Гравюра 1725 года, иллюстрирующая эксперименты Роберта Бойля с вакуумными насосами.


ИСТОКИ ТЕРМОДИНАМИКИ

Паровые машины использовали водяной пар, чтобы привести в движение поршень; пар производил работу, когда расширялся в результате нагревания из-за горения угля. Чтобы улучшить эту конструкцию, нужно было понять поведение газов. Большой шаг в этом направлении сделали Роберт Бойль (1627-1691) и Роберт Гук (1635-1703), после того как первый сконструировал вакуумный насос. Этот аппарат позволил ученым определить отношение между давлением и объемом газа. Бойль и Гук выяснили, что при расширении газа с поддержанием его температуры давление, оказываемое им на стенки сосуда, уменьшается; точно так же при уменьшении объема давление увеличивается. Это привело их к заключению, что произведение обеих величин постоянно.

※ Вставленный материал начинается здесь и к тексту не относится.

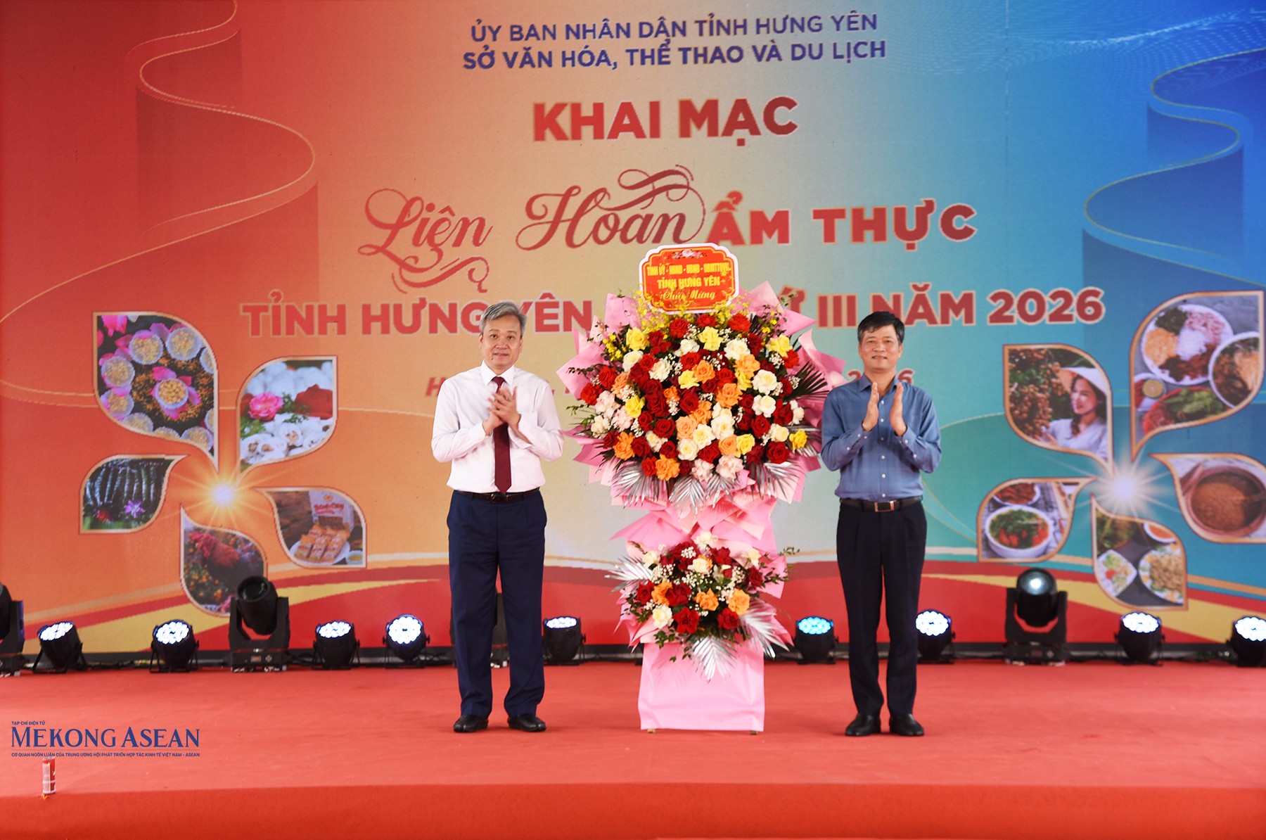 Ông Lê Xuân Tiến, Ủy viên Ban Thường vụ Tỉnh ủy, Phó Chủ tịch Thường trực HĐND tỉnh Hưng Yên tặng hoa chúc mừng sự kiện. Ảnh: Mekong ASEAN.

Следующее открытие в области газов было сделано Жозефом Луи Гей-Люссаком (1778-1850), который воспользовался новым изобретением (термометром), чтобы осуществить свой эксперимент. При нагревании разных газов он понял, что их объем увеличивается: чем выше температура, тем больше объем. Это привело его к провозглашению знаменитого уравнения, в котором объем прямо пропорционален температуре, а константа пропорциональности различна для каждого газа. Открытие Гей-Люссака оказалось основополагающим для последующего понимания паровых машин (конструкция которых построена на увеличении объема газа при его нагревании) и определило один из результатов, объясненных теорией Больцмана, в которой температура — это мера скорости атомов газа.

Примечательно, что в отличие от прочих ответвлений науки термодинамика возникла во многом на базе технологического прогресса, а не наоборот. Больцман полностью осознавал разницу между теоретической и практической деятельностью. Вспоминая Йозефа Стефана (1835-1893), одного из своих главных учителей, он писал: «Физика стала популярной сегодня из-за многочисленных практических применений.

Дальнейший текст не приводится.